Terrebonne Parish Sheriff Jerry Larpenter said Dominique confessed to killing the men, all between the ages of 16 and 46, between 1997 and 2005.

Larpenter says Dominique "stated how, when and where they were killed."

The victims' bodies were found in seven different south Louisiana parishes.

All were found bound and had been killed in similar fashion, leading investigators to suspect the work of a serial killer.

 

20061202: Serial killer suspect arrested LA Houma Serial Killer News

He could be linked to 2 dozen slayings

A statewide investigation into nearly two dozen slayings of men, most around the southeastern Louisiana town of Houma and in neighboring parishes, led police to arrest a suspect Friday who they think is a serial killer, booking him in the deaths of two men from New Orleans.
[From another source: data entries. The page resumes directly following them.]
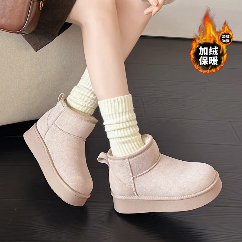 韩版厚底短筒雪地靴女2025冬季加绒保暖系带时装靴女舒适防滑防水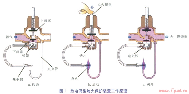 熱電偶熄火保護(hù)裝置是利用火焰的溫度升高特性,當(dāng)熱電偶感應(yīng)火焰的溫度而產(chǎn)生電動勢,作為執(zhí)行機(jī)構(gòu)的電磁鐵受電動勢推動保持燃?xì)忾y打開,燃?xì)饬飨蛑魅紵?;?dāng)燃具點火失敗或火焰熄滅時,電動勢消失,電磁鐵受彈簧作用推動燃?xì)忾y切斷燃?xì)馔贰?span lang="EN-US">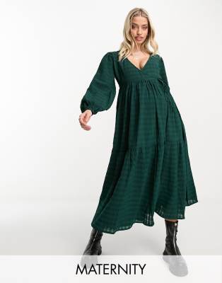Violet Romance - Zwangerschapskleding - Gelaagde midaxi jurk met overslag aan de voorkant in groenblauw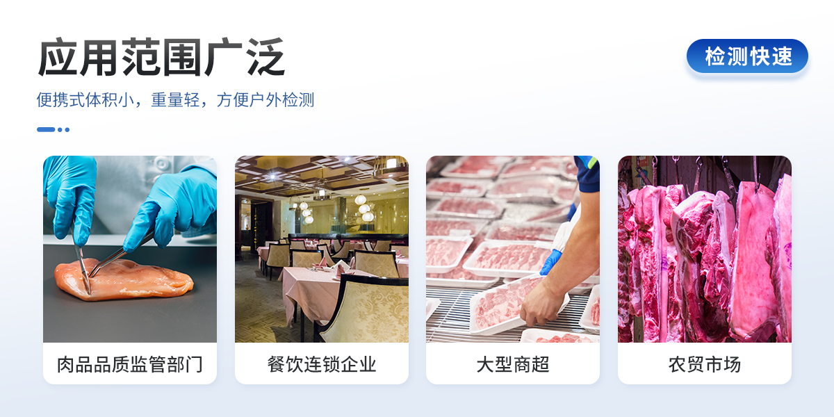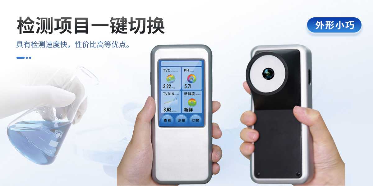聯(lián)合中國(guó)農(nóng)業(yè)大學(xué)彭彥昆教授團(tuán)隊(duì)研發(fā)的掌上式生鮮肉新鮮度分析儀,可用于檢測(cè)生鮮肉的TVC、pH、TVB-N、新鮮度、L*、A*、B*等評(píng)價(jià)指標(biāo)。Palmarter具有體積小、便 于攜帶、性價(jià)比高等特點(diǎn),其應(yīng)用場(chǎng)景包括但不限于肉儲(chǔ)運(yùn)企業(yè)、肉品品質(zhì)監(jiān)管部門、飯店、超市、菜場(chǎng)、家庭等。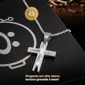 Cordão aço inox prata + pai nosso pingente cruz + caixa casual religioso estiloso moda masculina Cordão Masculino Prata 60 cm com Pingente Cruz 4 cm - Elegância e Estilo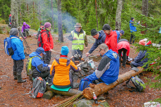 Matkasimme kohti Kypärälampea, jonka ohitimme kosteikot kiertäen rinteeseen nousten ja poikkesimme Riihimäen partiolaisten majan pihapiirissä. Siellä huomasimme, että kaikki alueen majat ovat ympäristöään korkeammalla, ja ovat siten valmistautuneet hyvin ilmastonmuutokseen sekä tulevaan vedenpaisumukseen. Sieltä laskeuduimme alas rantaan ja edelleen ”Suolijärventie rengastien” kautta Usminrinteentielle. Jatkoimme edelleen yläpolkua Piilon pohjoispään nuotiopaikalle pannua ja makkaroita nokeamaan. Kaffet keitettiin järviveteen, hyvää tuli ja kaikille riitti, makkaroitakin kului.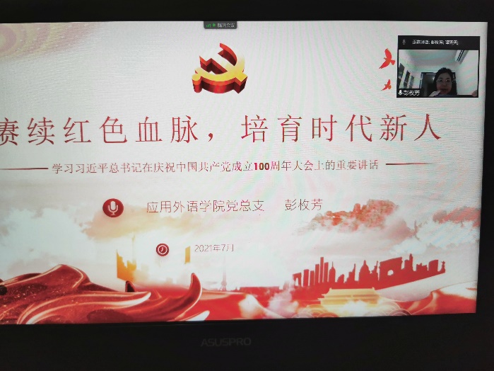 7月20日晚,第一次暑假集中学习如期在腾讯会议上举行。会议由支部书记彭枚芳主持。会议先后首、学习习近平总书记在庆祝中国共产党成立100周年大会上的重要讲话、习近平《论中国共产党历史》---讲好中国共产党的故事以及2020年6月27日给复旦大学青年师生党员回信。在回信中,习近平总书记指出:“一百年前,陈望道同志翻译了首个中文全译本《共产党宣言》,为引导大批有志之士树立共产主义远大理想、投身民族解放振兴事业发挥了重要作用。”他强调:“积极宣讲老校长陈望道同志追寻真理的故事,传播马克思主义理论,是一件很有意义的事情。希望你们坚持做下去、做得更好”,并多次提及“真理的味道非常甜”,陈望道翻译《共产党宣言》的故事等。

Houma police arrested Ronald J. Dominique, 42, on Friday at a homeless shelter run by the Police Department and accused him of leaving two dead bodies in Jefferson Parish in the late 1990s.

Dominique was booked with first-degree murder and aggravated rape in the death of Manuel Reed, 20, whose body was found in a garbage bin May 30, 1999, at 2433 Bainbridge St. in Kenner. He was also booked with second-degree murder in the death of Oliver "Boe" LeBanks, 27, found Oct. 5, 1998, in the 6900 block of Stable Drive in Metairie.

Both men were from New Orleans, and they are the only two victims police have officially linked to Dominique, who gave a street address of 2215 Bayou Blue Road, located just outside Houma.

Attorney General Charles Foti's office said the arrest came after authorities kept Dominique under "24-hour surveillance," and it marks the first time investigators have definitively called the string of deaths the work of a serial killer.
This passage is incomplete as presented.